与 PPO 期望 AutoModelForCausalLMWithValueHead 作为值函数相比，DPO 训练器期望 AutoModelForCausalLM 模型。

3、使用 DPOTrainer 源码
有关详细示例，请查看 Examples/scripts/dpo.py 脚本。在较高级别上，我们需要使用我们希望训练的模型、参考 ref_model 来初始化 DPOTrainer，我们将使用它来计算首选和拒绝响应的隐式奖励，beta 指隐式奖励的超参数，数据集包含上面列出的 3 个条目。请注意，模型和 ref_model 需要具有相同的架构（即仅解码器或编码器-解码器）。

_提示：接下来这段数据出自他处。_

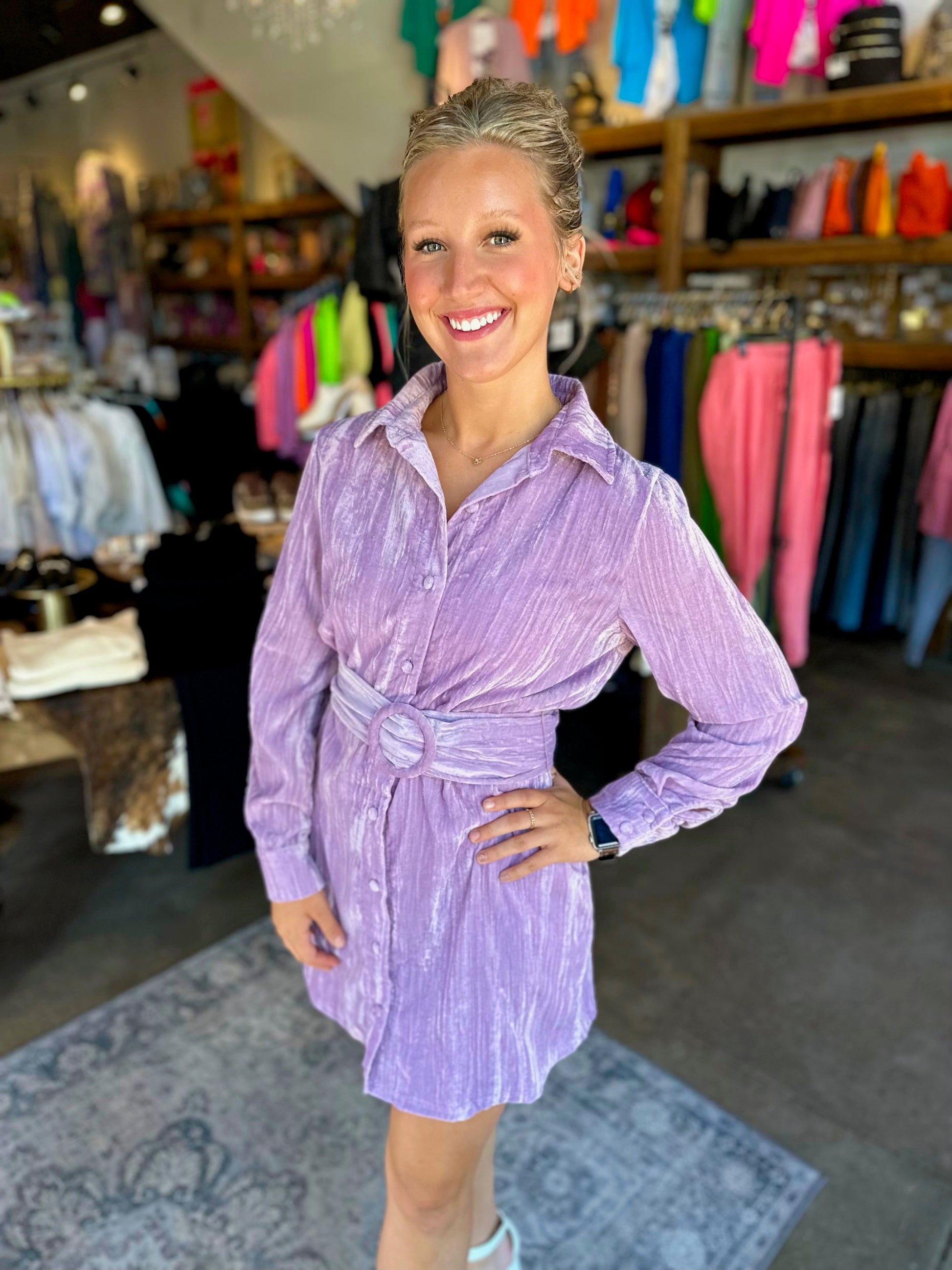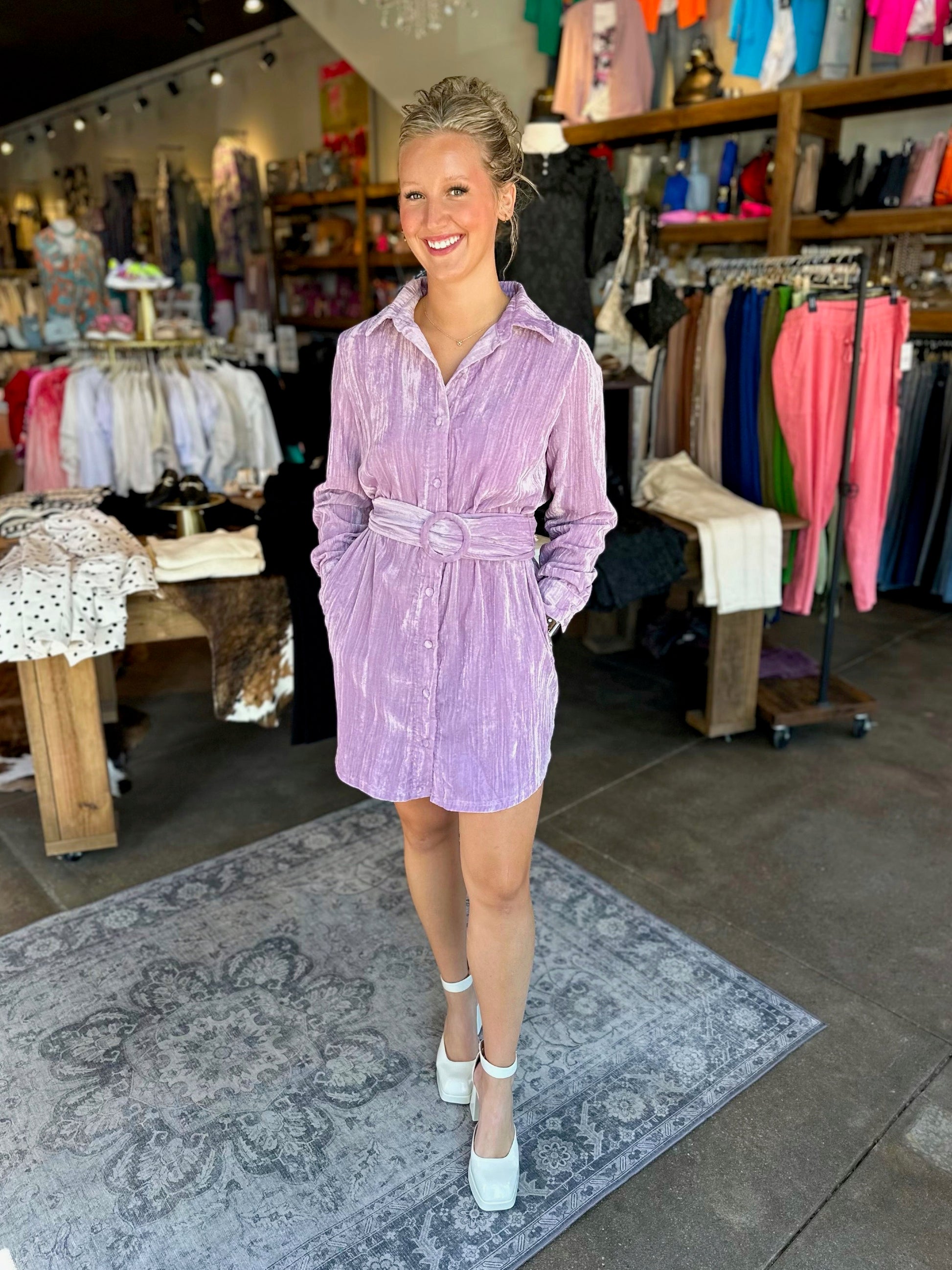 Vivian Lavender Crinkle Velvet Shirt Dress

 dpo_trainer = DPOTrainer(
    model,
    model_ref,
    args=training_args,
    beta=0.1,
    train_dataset=train_dataset,
    tokenizer=tokenizer,
)

之后就可以调用：

dpo_trainer.train()

请注意，β 是 DPO 损失的温度参数，通常在 0.1 到 0.5 范围内。当beta -> 0 ，意味着忽略参考模型。

4、损失函数

给定偏好数据，我们可以根据 Bradley-Terry 模型拟合二元分类器，事实上，DPO 作者通过 Logsigmoid 提出标准化似然的 sigmoid 损失来拟合逻辑回归。

    def dpo_loss(
        self,
        policy_chosen_logps: torch.FloatTensor,
        policy_rejected_logps: torch.FloatTensor,
        reference_chosen_logps: torch.FloatTensor,
        reference_rejected_logps: torch.FloatTensor,
        reference_free: bool = False,
    ) -> Tuple[torch.FloatTensor, torch.FloatTensor, torch.FloatTensor]:
        """Compute the DPO loss for a batch of policy and reference model log probabilities.

        Args:
            policy_chosen_logps: Log probabilities of the policy model for the chosen responses. Shape: (batch_size,)
            policy_rejected_logps: Log probabilities of the policy model for the rejected responses. Shape: (batch_size,)
            reference_chosen_logps: Log probabilities of the reference model for the chosen responses. Shape: (batch_size,)
            reference_rejected_logps: Log probabilities of the reference model for the rejected responses. Shape: (batch_size,)
            reference_free: If True, we ignore the _provided_ reference model and implicitly use a reference model that assigns equal probability to all responses.

        Returns:
            A tuple of three tensors: (losses, chosen_rewards, rejected_rewards).
            The losses tensor contains the DPO loss for each example in the batch.
            The chosen_rewards and rejected_rewards tensors contain the rewards for the chosen and rejected responses, respectively.
        """
        pi_logratios = policy_chosen_logps - policy_rejected_logps
        if reference_free:
            ref_logratios = 0
        else:
            ref_logratios = reference_chosen_logps - reference_rejected_logps

        pi_logratios = pi_logratios.to(self.accelerator.device)
        ref_logratios = ref_logratios.to(self.accelerator.device)
        logits = pi_logratios - ref_logratios

        # The beta is a temperature parameter for the DPO loss, typically something in the range of 0.1 to 0.5.
        # We ignore the reference model as beta -> 0. The label_smoothing parameter encodes our uncertainty about the labels and
        # calculates a conservative DPO loss.
        if self.loss_type == "sigmoid":
            losses = (
                -F.logsigmoid(self.beta * logits) * (1 - self.label_smoothing)
                - F.logsigmoid(-self.beta * logits) * self.label_smoothing
            )
        elif self.loss_type == "hinge":
            losses = torch.relu(1 - self.beta * logits)
        elif self.loss_type == "ipo":
            # eqn (17) of the paper where beta is the regularization parameter for the IPO loss, denoted by tau in the paper.
            losses = (logits - 1 / (2 * self.beta)) ** 2
        elif self.loss_type == "kto_pair":
            # eqn (7) of the HALOs paper
            chosen_KL = (policy_chosen_logps - reference_chosen_logps).mean().clamp(min=0)
            rejected_KL = (policy_rejected_logps - reference_rejected_logps).mean().clamp(min=0)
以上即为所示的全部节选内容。